Suppose we wanted to add the fractions:
10/12 and 20/15.
Now, consider the fraction:
10/12
We can eliminate that component from both the numerator and the denominator and simplify the fraction if we can identify the greatest common factor between 10 and 12.
So,
The factors of 10 are 1, 2, 5, 10.
The factors of 12 are 1, 2, 3, 4, 6, 12.
Therefore, GCF of 10 and 12 is 2.
Hence,
10/12 = ( 10 ÷ 2 ) / ( 12 ÷ 2 ) = 5/6
Similarly,
For 20/15,
The factors of 20 are 1, 2, 4, 5, 10, 20.
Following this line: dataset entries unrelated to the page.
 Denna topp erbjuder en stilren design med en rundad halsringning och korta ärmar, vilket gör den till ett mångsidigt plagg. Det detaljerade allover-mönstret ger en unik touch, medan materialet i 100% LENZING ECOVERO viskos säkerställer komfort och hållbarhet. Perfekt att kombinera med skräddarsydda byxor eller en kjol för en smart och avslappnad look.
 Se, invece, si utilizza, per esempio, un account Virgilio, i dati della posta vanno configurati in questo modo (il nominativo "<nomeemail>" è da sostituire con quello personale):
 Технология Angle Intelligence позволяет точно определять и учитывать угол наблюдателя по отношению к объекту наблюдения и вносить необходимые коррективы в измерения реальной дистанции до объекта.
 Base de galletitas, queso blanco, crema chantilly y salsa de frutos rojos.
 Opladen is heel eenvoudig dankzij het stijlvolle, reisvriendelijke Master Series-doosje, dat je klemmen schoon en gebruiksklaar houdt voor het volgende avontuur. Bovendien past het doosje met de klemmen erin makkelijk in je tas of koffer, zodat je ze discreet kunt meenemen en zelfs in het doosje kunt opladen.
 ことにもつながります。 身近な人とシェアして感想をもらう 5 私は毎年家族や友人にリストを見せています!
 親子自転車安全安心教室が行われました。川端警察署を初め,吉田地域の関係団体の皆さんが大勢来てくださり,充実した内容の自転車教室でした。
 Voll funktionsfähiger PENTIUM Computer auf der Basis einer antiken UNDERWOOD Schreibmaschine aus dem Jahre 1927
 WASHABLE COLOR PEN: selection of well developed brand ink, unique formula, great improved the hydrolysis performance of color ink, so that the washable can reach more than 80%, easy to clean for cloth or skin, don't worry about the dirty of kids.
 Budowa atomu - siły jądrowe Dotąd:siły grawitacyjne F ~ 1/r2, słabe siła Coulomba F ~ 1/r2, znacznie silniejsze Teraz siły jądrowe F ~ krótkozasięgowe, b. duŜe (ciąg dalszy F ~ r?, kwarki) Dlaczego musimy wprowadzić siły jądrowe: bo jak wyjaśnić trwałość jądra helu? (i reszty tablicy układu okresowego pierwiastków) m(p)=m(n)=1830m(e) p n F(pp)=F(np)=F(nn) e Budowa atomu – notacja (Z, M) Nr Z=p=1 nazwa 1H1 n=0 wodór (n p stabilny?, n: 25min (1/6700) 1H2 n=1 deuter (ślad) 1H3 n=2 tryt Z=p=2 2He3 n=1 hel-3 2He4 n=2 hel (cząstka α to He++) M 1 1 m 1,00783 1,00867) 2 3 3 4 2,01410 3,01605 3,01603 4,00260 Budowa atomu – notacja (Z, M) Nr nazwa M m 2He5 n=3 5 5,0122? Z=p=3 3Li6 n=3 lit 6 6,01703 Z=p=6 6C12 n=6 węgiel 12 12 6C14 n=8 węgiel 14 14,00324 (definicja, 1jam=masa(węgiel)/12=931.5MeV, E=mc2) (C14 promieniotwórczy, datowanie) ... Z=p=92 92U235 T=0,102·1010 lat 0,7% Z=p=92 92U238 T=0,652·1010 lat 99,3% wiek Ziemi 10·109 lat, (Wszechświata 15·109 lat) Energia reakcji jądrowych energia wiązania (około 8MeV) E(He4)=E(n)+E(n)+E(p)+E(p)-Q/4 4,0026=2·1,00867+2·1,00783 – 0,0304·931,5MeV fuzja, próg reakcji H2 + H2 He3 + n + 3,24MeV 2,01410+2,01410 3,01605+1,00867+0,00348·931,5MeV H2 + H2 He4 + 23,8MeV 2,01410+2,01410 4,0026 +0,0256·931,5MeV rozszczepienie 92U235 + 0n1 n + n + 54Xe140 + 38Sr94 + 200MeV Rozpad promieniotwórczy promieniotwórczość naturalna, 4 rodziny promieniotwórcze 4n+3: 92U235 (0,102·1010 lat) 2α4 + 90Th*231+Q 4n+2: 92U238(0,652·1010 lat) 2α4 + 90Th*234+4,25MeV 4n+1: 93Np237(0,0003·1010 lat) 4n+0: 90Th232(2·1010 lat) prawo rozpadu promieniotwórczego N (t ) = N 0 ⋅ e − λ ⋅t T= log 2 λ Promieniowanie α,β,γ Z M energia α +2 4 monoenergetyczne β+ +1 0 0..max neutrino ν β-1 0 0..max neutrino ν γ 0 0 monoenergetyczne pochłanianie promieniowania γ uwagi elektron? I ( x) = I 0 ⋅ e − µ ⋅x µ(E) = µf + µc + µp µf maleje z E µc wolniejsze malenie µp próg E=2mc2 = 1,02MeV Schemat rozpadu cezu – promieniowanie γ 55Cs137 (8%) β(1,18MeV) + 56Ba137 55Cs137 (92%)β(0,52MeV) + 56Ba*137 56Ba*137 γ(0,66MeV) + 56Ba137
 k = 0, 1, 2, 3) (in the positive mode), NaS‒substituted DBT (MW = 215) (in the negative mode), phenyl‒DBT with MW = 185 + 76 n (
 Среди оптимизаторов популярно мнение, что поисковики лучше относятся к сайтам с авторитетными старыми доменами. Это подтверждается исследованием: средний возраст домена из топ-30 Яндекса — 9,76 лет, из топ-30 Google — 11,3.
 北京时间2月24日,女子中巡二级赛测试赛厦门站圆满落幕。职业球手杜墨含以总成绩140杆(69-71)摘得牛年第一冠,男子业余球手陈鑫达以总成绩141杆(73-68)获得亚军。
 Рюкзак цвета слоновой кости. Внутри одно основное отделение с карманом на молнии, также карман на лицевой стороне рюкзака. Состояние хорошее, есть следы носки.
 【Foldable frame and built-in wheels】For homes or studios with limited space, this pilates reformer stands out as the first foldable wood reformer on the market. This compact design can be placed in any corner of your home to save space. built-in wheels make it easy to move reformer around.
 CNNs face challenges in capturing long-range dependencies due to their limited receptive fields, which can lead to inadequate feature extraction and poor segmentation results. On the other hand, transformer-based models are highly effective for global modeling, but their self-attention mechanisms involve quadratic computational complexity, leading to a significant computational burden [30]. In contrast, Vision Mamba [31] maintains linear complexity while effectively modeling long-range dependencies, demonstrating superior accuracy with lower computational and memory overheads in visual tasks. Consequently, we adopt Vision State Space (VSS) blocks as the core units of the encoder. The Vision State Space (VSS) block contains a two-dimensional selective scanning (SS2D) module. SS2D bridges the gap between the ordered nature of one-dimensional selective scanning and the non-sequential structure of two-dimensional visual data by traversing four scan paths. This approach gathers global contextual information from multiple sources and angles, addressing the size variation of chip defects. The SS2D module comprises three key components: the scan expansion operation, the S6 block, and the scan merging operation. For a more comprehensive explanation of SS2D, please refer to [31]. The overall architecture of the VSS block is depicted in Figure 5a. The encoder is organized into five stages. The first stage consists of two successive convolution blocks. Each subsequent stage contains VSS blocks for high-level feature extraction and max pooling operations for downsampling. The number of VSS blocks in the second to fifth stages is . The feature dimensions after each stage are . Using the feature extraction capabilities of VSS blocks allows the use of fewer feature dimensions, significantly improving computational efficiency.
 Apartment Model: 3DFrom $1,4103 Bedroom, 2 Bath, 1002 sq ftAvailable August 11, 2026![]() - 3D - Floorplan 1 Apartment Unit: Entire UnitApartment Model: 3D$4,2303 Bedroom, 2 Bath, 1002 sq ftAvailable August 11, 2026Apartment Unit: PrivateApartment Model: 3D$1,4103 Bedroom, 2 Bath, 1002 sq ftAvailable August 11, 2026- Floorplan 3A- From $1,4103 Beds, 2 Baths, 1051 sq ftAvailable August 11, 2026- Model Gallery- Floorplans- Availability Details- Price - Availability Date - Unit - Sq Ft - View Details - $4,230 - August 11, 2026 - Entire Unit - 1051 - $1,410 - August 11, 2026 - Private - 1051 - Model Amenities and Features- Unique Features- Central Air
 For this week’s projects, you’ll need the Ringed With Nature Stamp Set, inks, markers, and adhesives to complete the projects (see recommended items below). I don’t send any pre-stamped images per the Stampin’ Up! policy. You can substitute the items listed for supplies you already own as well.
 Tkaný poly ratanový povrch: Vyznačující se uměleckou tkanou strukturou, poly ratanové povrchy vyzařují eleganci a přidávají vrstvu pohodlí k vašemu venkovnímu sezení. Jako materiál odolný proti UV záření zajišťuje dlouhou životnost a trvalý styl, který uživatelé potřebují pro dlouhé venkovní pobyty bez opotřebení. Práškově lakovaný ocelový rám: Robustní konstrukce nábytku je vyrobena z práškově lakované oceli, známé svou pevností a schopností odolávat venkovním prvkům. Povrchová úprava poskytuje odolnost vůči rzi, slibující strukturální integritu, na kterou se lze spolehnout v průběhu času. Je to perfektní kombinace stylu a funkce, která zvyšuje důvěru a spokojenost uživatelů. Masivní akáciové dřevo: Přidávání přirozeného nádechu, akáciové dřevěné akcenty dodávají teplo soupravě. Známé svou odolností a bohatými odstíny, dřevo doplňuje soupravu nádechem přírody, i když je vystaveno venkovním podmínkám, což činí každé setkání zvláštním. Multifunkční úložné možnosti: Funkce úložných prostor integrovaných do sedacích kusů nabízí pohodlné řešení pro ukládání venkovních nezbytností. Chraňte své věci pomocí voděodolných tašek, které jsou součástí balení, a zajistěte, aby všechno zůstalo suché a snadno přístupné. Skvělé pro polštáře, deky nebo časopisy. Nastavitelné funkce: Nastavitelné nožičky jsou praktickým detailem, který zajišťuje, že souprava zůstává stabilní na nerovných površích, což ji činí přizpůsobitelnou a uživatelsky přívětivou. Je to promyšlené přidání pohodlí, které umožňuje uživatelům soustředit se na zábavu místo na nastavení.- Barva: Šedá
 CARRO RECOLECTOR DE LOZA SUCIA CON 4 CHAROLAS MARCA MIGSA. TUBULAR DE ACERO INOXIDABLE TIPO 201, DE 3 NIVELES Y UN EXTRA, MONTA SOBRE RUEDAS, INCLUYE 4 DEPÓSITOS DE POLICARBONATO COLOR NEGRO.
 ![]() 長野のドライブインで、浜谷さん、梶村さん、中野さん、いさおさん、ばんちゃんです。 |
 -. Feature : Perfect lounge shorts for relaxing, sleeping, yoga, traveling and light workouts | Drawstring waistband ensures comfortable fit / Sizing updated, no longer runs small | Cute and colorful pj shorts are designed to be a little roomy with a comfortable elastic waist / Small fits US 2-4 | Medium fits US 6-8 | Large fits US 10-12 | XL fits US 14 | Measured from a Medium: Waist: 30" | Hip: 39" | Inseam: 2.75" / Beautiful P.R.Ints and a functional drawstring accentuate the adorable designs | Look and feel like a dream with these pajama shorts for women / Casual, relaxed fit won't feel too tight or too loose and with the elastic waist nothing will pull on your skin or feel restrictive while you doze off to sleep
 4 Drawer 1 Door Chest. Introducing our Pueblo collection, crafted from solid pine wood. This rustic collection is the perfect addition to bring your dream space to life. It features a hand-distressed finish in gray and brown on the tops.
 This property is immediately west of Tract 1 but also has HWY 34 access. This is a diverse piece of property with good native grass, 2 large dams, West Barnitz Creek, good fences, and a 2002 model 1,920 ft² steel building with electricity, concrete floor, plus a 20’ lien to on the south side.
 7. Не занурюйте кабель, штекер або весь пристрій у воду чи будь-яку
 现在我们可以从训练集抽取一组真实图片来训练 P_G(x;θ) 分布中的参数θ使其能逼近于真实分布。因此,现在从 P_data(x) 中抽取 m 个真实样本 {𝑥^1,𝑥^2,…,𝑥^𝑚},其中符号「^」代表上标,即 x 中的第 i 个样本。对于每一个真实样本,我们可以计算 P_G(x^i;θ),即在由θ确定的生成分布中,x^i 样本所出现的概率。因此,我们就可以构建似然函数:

The factors of 15 are 1, 3, 5, 15.
The greatest common factor is 5.
So,
20/15 = ( 20 ÷ 5 ) / ( 15 ÷ 5 ) = 4/3
Now, when we add the fractions:
10/12 + 20/15 = 5/6 + 4/3
Now, as the fractions are already simplified.
By using the least common multiple.
10/12 + 20/15 = 5/6 + ( 4/3 ) × ( 2/2 )
10/12 + 20/15 = 5/6 + 8/6
10/12 + 20/15 = 13/6
Hence, using the greatest common factor we can simplify the fractions, and the least common multiple we can perform operations on the fractions.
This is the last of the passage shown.